Apache Kafka

This article covers connecting to a Streaming Data Source - specifically Apache Kafka.

Introduction

Leveraging a streaming data source provides the ability to:

  • Collect data from any application
  • Ingest the streaming data and perform additional processing such as persisting the contents to a database or file format (e.g. Parquet, JSON).

Zetaris supports Apache Kafka streaming which consists of the following logical components:

  • Topic - messages belong to a particular category called a topic
  • Producer - publish messages to one or more Kafka topics. 
  • Consumer - subscribe to one or more topics and consume published messages

Architecture

Screen Shot 2022-11-23 at 10.30.47 pm

In this architecture, Zetaris plays the role of the Consumer, with topic definitions and publishing of messages performed outside of Zetaris.

The integration point between Zetaris and Kafka is the topic.

On the Producer side, we will leverage the Kafka producer console to publish messages.
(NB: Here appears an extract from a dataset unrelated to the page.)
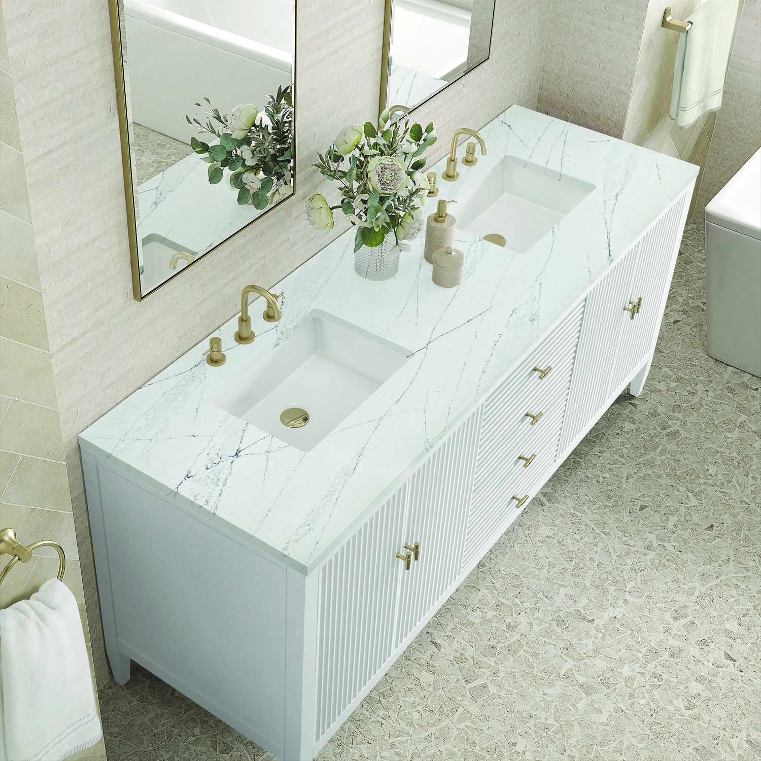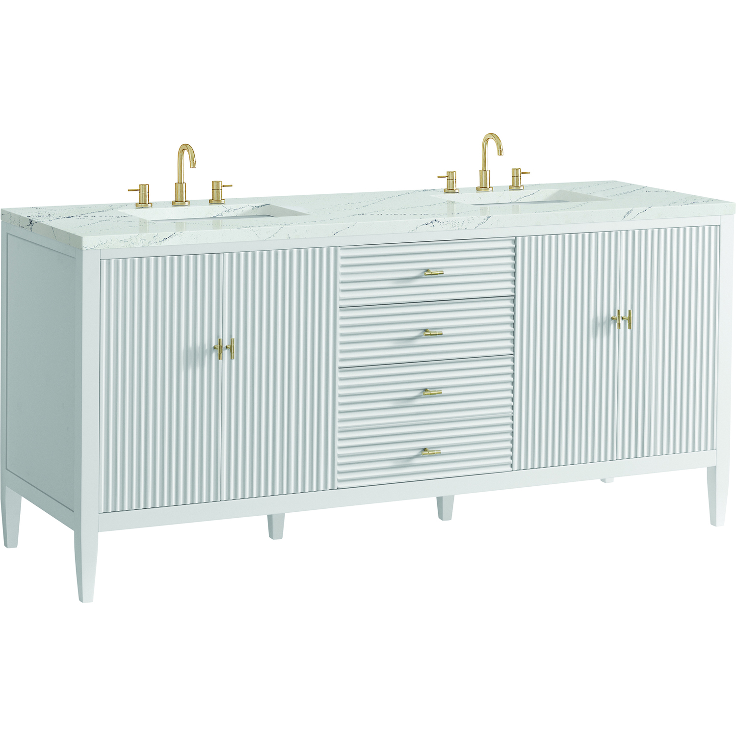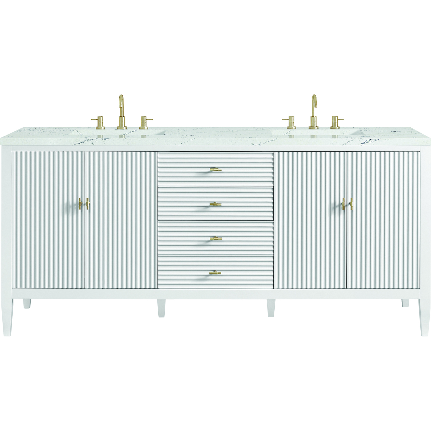 The 72" Myrrin Double Vanity features a minimalistic silhouette with fluted details, resulting in a blend of classical elegance and contemporary design. The deeply fluted panels run perpendicular on the doors and drawers, adding sophistication and visual interest to the design. Toggle-style knobs in Champagne Brass provide a luxe accent to the rich Bright White finish. The four-door cabinet opens to a spacious interior with a single shelf and convenient USB/Electric power outlets. Three drawers lend additional storage. The addition of an Ethereal Noctis Silestone top by Cosentino with undermount rectangular sink completes this timeless bathroom centerpiece with its modern, intricate black and gray nuances which add contrast and elegance to the white background.Vanity set includes a 3cm eased edge Ethereal Noctis Silestone top, two white porcelain rectangular sinks and mounting brackets for easy installation. Top is pre-drilled for two 8" widespread faucets. Faucets not included.Constructed with a solid wood frame and plywood panelsTwo 120-volt UL rated electric outlets with USB ports and bamboo organizer includedIncludes four soft-close doors that each pair open to an interior shelf and three full-extension drawers that feature soft-close undermount glides.Toggle style door pulls in Champagne Brass finish.The drawer boxes feature English Dovetail joinery, and our signature brushed aluminum laminate drawer liners for easy cleaning.Includes one removable Bamboo drawer organizer.Cabinets are sealed with a premium finish for superior moisture and UV resistance.The deeply fluted panels of the Myrrin collection, framed in a sleek, minimalistic silhouette, bring an harmonious blend of classical elegance and contemporary design. The geometric play on the contrasting panels not only adds visual interest but also opens to reveal ample storage and organization. Offered in 4 sizes and 3 choices of finishes, each is complemented by Champagne Brass toggle-style knobs for a luxurious finishing touch.1 year warranty against manufacturer's defects. We will repair or replace any defective product, if the product is defective in material or workmanship at our discretion. No warranty is expressed or implied regarding damages resulting from consumer misuse.

For our scenario, we will ingest streaming data from and perform additional processing such as persisting the contents to a database or file format (e.g. Parquet, JSON).

Use Case

For our scenario, we have a Stock Ticker stream that publishes updates on technology stock equities.  As the consumer, Zetaris will ingest streaming data and persist the contents to a Parquet file format to the file system.

Kafka Steps

  1. Ensure Kafka is running
  2. Create a topic, in our example the topic is named stock.
  3. Ensure your firewall permits connections to your kafka bootstrap port (e.g. 9092).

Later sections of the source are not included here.